For this exercise, write out only the lines of the entries below from the one with "With torrential rains" up to and including the one with "Berdasarkan siaran pers", exactly as they are. Pictures stay out.

- **DATASET ENTRIES**:
━━━
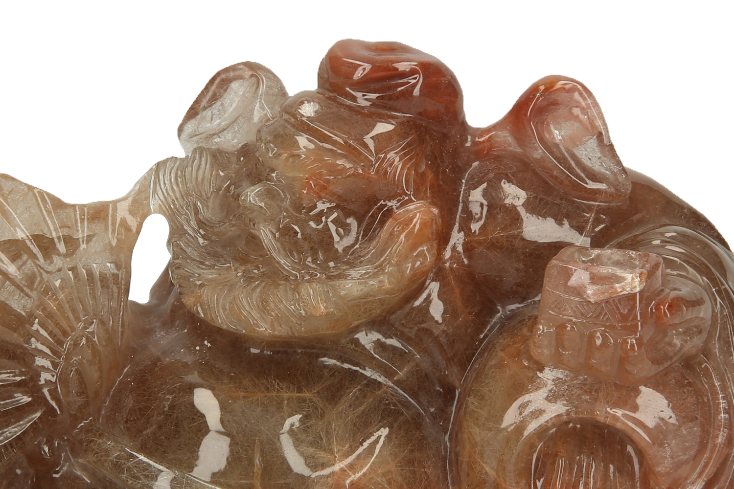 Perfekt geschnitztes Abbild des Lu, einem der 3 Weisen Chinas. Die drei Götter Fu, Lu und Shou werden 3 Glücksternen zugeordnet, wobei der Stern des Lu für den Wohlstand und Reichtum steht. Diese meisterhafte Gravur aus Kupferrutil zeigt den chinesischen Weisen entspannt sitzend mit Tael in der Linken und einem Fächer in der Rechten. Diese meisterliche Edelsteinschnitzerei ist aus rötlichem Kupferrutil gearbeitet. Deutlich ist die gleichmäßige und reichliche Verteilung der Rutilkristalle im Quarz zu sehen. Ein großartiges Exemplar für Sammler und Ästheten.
━━━
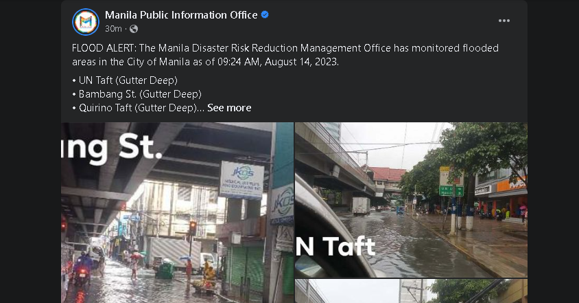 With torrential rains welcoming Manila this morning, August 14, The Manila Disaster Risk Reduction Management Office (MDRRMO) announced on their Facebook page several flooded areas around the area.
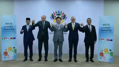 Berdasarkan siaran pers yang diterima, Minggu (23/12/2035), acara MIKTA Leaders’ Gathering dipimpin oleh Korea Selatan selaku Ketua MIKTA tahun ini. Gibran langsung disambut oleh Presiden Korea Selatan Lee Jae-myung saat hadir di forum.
━━━
- **EXERCISE SOLUTION**:
 With torrential rains welcoming Manila this morning, August 14, The Manila Disaster Risk Reduction Management Office (MDRRMO) announced on their Facebook page several flooded areas around the area.
 Berdasarkan siaran pers yang diterima, Minggu (23/12/2035), acara MIKTA Leaders’ Gathering dipimpin oleh Korea Selatan selaku Ketua MIKTA tahun ini. Gibran langsung disambut oleh Presiden Korea Selatan Lee Jae-myung saat hadir di forum.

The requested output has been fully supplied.